Obenreizer demeura d’abord silencieux. Le nuage couvrit ses prunelles, le battement imperceptible agita ses joues.

— Excusez-moi quelques minutes, — dit-il avec sa politesse cérémonieuse, — je voudrais parler à ma nièce.

Puis il salua Vendale et quitta la chambre.

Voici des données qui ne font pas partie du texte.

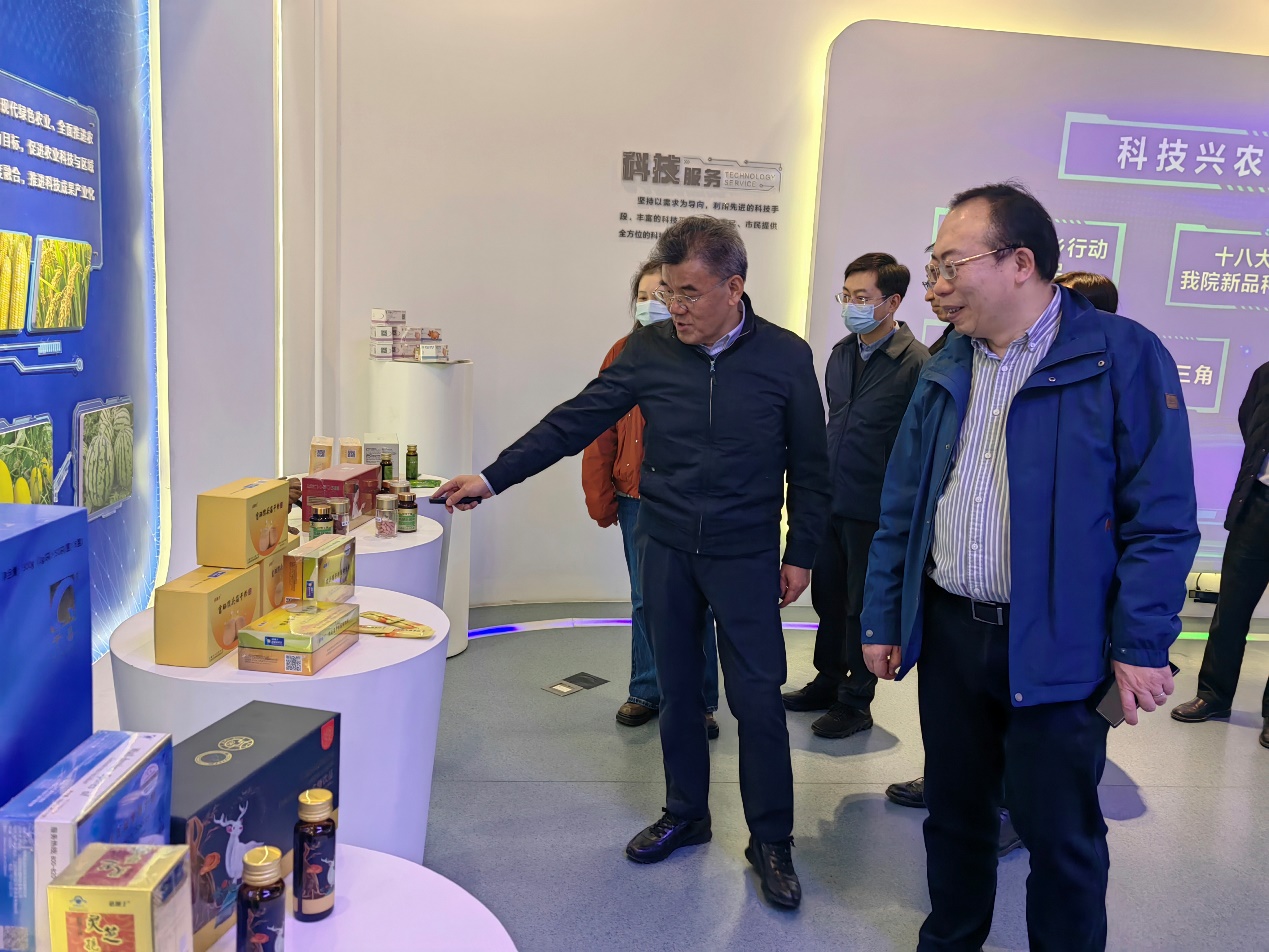 蔡友铭对调研组到我院调研表示感谢。他指出,近年来我院以服务农业高质量发展,服务市民高品质生活为目标,围绕“顶天、立地、树人”——即孵化原创性科研成果、推进成果转化为实际应用、培养优秀的科研队伍三个方面开展了卓有成效的工作。一是加强种源创新,打造创新策源新高地。始终坚持藏粮于地、藏粮于技,发挥比较优势,努力攀登科技高峰,很多成果与技术在行业领域具有先进性。二是强化科技成果转移转化与推广应用,支撑乡村产业振兴。把推进乡村全面振兴作为农业科技的行动目标,科技人员、科技成果、科技资源下沉重心,把振兴区域经济、村镇特色产业作为主战场,提供一揽子综合解决方案,助力打造新产业新业态新模式。三是坚定不移加强党的建设,为打造国内一流、有鲜明特色的现代农业科学院提供坚强保证。深入学习贯彻习近平新时代中国特色社会主义思想,坚持支部建在科技创新团队上,持续深化全面从严治党。提到对于科技产业干部人才培养的建议,蔡友铭表示,建议加大对农业科技产业干部的使用、提拔力度,重视农业科技人才,拓展“3+6”产业的内涵和外延,让产业人才培养与科研单位同频共振,让农业科技供给侧改革更高效。

Vendale, demeuré seul, se mit à rechercher la cause de ce refus inattendu qu’il rencontrait. Obenreizer l’avait constamment empêché depuis quelques mois de faire sa cour à Marguerite. Maintenant il s’opposait à un mariage si avantageux pour sa nièce, que son esprit ingénieux même ne pouvait trouver à l’encontre aucune raison sérieuse. Incompréhensible conduite que celle d’Obenreizer ! Qu’est-ce que cela voulait dire ?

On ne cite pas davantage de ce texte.